Wednesday, July 2, 2014

Streaming "must" -- and a book review, too -- as Aureliano Amadei's award-laden 20 CIGARETTES gives us a new perspective on our own Iraq War

TrustMovies first covered the amazing film, 20 CIGARETTES, back in June of 2011, when it made its New York debut as part of the FSLC's Open Roads series of new Italian cinema. (You can read that post here.) I was blown away by it then, and seeing it again just recently, it seems even better. Perhaps because I had also, just prior to viewing the film, read the equally important and maybe just a little bit better book on which the film is based.

First published in Italy in 2005, the memoir, TWENTY CIGARETTES IN NASIRIYAH, written by Francesco Trento and Aureliano Amadei, and based on the experiences of Signore Amadei, who was invited by a filmmaker and mentor to come to Iraq and help make a film about the Italian contingent (part of George W. Bush's Coalition of the Willing) and its "peace-keeping" mission in the middle east.

The book is told in the first-person, making it a kind of you-are-there experience which grows more important, immediate and shocking as it moves along.

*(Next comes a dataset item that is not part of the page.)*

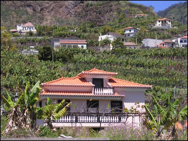 Da es inzwischen schon fast Abend ist, fahren wir wieder langsam zurück zum Hafen. Wir nehmen eine landschaftlich sehr schöne Strecke, die immer wieder durch Tunnels führt, über und neben denen kleine Wasserfälle ins Meer stürzen. Ponta do Sol ist ein sehr freundliches Dorf, dessen Kirche Nossa Senhora da Luz die typisch portugiesischen Häuser überragt. Wir steigen aus, spazieren ein Stückchen durch den Ort und erblicken rundherum nichts als Bananenplantagen. Ein schönes Bild.
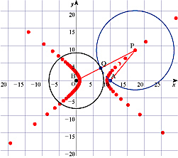 この問題の発展として楕円や双曲線を描く軌跡の問題を考えることができる。問題を解かせる必要はないが、提示して見せることで、定義に基づいた図形であることを理解させるとよい。

What happens to Aureliano takes him from happy-go-lucky, young artistic dabbler (played in the film by the talented and highly empathic actor Vinicio Marchioni, shown above and on poster, top, and below) to a severely wounded survivor of a suicide bomb who witnesses first the stupidity and hypocrisy of his own nation as it subserviently follows America into this costly and worthless war, and then the further hypocrisy of its politicians and journalists, and finally one particularly sleazy soldier who claims false credit for saving lives.

These events have turned our "hero" into something quite different from who he originally was, and the memoir turns us, too, in that direction. Compulsively readable in an excellent translation by Wendell Ricketts, Twenty Cigarettes in Nasiriyah is a relatively short read (164 pages) yet so chock full of telling detail -- something that simply could not be crammed into the 90-minute movie -- that you come out of the experience feeling remarkably close to Amadei in every way. His telling of his own tale is liberally filled with humor and especially sarcasm, where Amadei and his naivete are concerned.

The movie version moves from present to past and back again, over and over, as Amadei tells his story with much of that humor and sarcasm intact. He found actors to beautifully portray everyone from his parents (above) and girlfriend/caregiver to the soldiers he managed to bond with briefly before the horror occurs.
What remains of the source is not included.